◆ Exercise description ◆
Please repeat the data exactly. Any picture in it stays out.

◆ Available data ◆
───

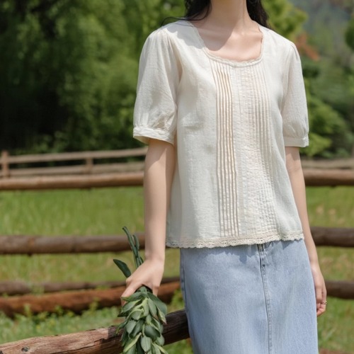 2色/フリルカラーコットンブラウス ・8607
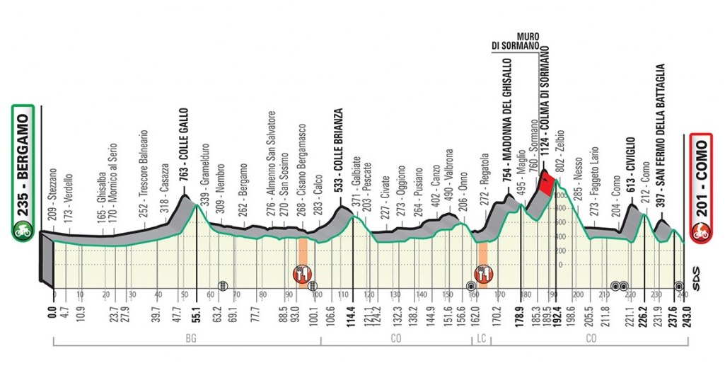 Como decíamos al inicio, el recorrido de este año recupera San Fermo, tras las obras que impidieron su paso en 2018, lo que hace que sea casi idéntico al de 2015 y 2017, repitiendo las localidades de salida y llegada, Bérgamo y Como respectivamente, así como todos los puertos, subiéndose además por la misma vertiente, destacando los míticos Madonna del Ghisallo y Muro de Sormano antes del encadenado de Civiglio + San Fermo, variando sólo un tramo de la parte central de la ruta, de tal modo que el kilometraje es ligeramente inferior al de hace 2 años, para una distancia total de 243 km.
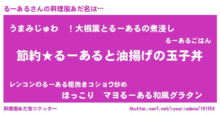 | 男性向けラノベタイトル風あだ名 | 『るーあるの憂鬱』『ルーアルスレイヤー』 |
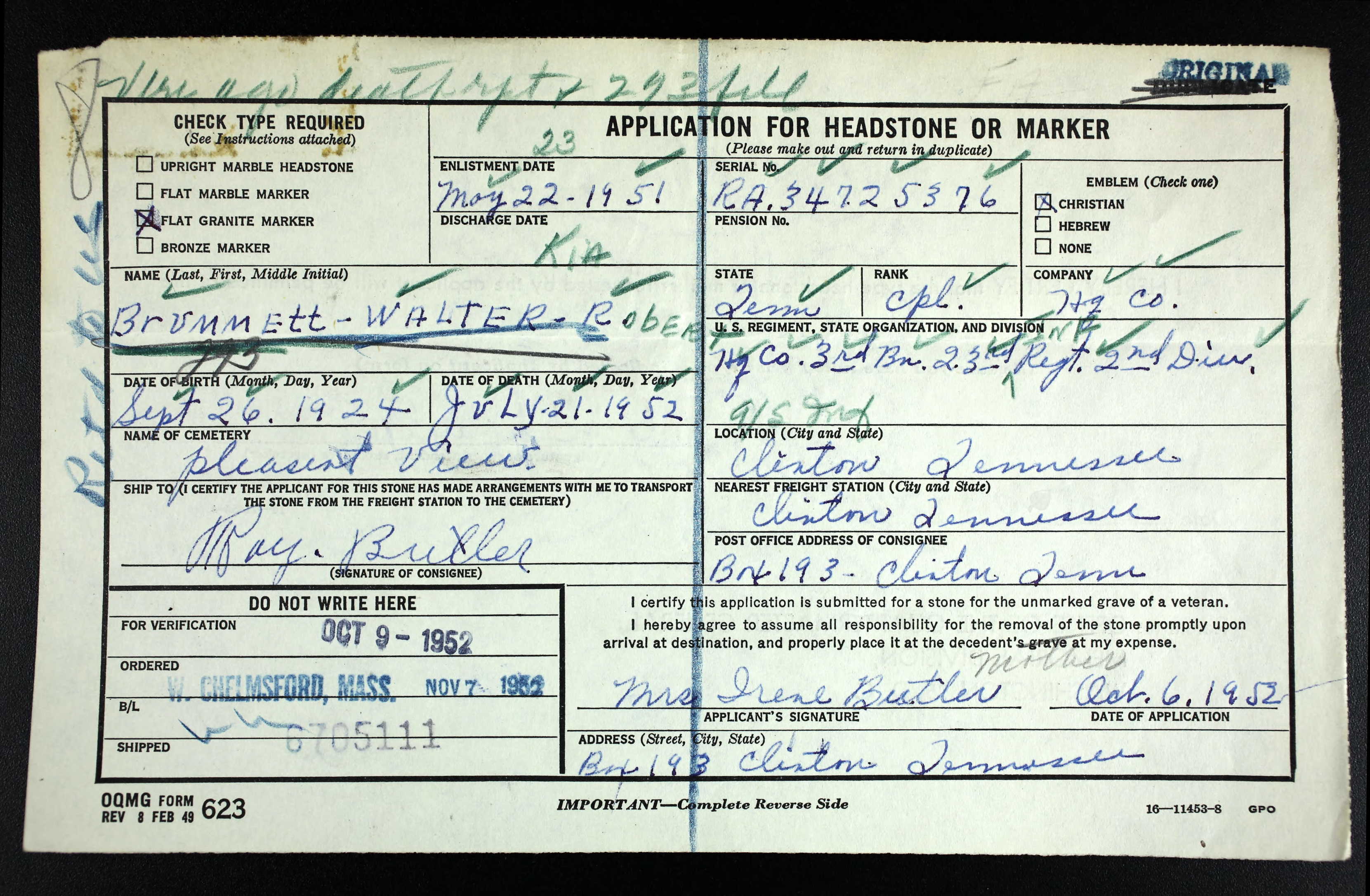 Corporal Walter Robert Brummett was born on September 26, 1924, in Anderson County, Tennessee. He was the son of Floyd H. Brummett and Irene L. Cole Brummett. He enlisted for service in World War II on March 9, 1943, in Fort Oglethorpe, Georgia. After the war, he returned to Anderson County where he married Elizabeth Williams on April 3, 1947. The couple had a child, Walter R. Brummett, Jr., around 1948, before divorcing on January 27, 1950. He then served in Korea in the 23rd Infantry Regiment, 2nd Infantry Division. He was killed in action at Old Baldy, North Korea, on July 21, 1952. He is buried at the Pleasant View Cemetery in Clinton, Tennessee.

───

◆ Answer space ◆
 2色/フリルカラーコットンブラウス ・8607
 Como decíamos al inicio, el recorrido de este año recupera San Fermo, tras las obras que impidieron su paso en 2018, lo que hace que sea casi idéntico al de 2015 y 2017, repitiendo las localidades de salida y llegada, Bérgamo y Como respectivamente, así como todos los puertos, subiéndose además por la misma vertiente, destacando los míticos Madonna del Ghisallo y Muro de Sormano antes del encadenado de Civiglio + San Fermo, variando sólo un tramo de la parte central de la ruta, de tal modo que el kilometraje es ligeramente inferior al de hace 2 años, para una distancia total de 243 km.
 | 男性向けラノベタイトル風あだ名 | 『るーあるの憂鬱』『ルーアルスレイヤー』 |
 Corporal Walter Robert Brummett was born on September 26, 1924, in Anderson County, Tennessee. He was the son of Floyd H. Brummett and Irene L. Cole Brummett. He enlisted for service in World War II on March 9, 1943, in Fort Oglethorpe, Georgia. After the war, he returned to Anderson County where he married Elizabeth Williams on April 3, 1947. The couple had a child, Walter R. Brummett, Jr., around 1948, before divorcing on January 27, 1950. He then served in Korea in the 23rd Infantry Regiment, 2nd Infantry Division. He was killed in action at Old Baldy, North Korea, on July 21, 1952. He is buried at the Pleasant View Cemetery in Clinton, Tennessee.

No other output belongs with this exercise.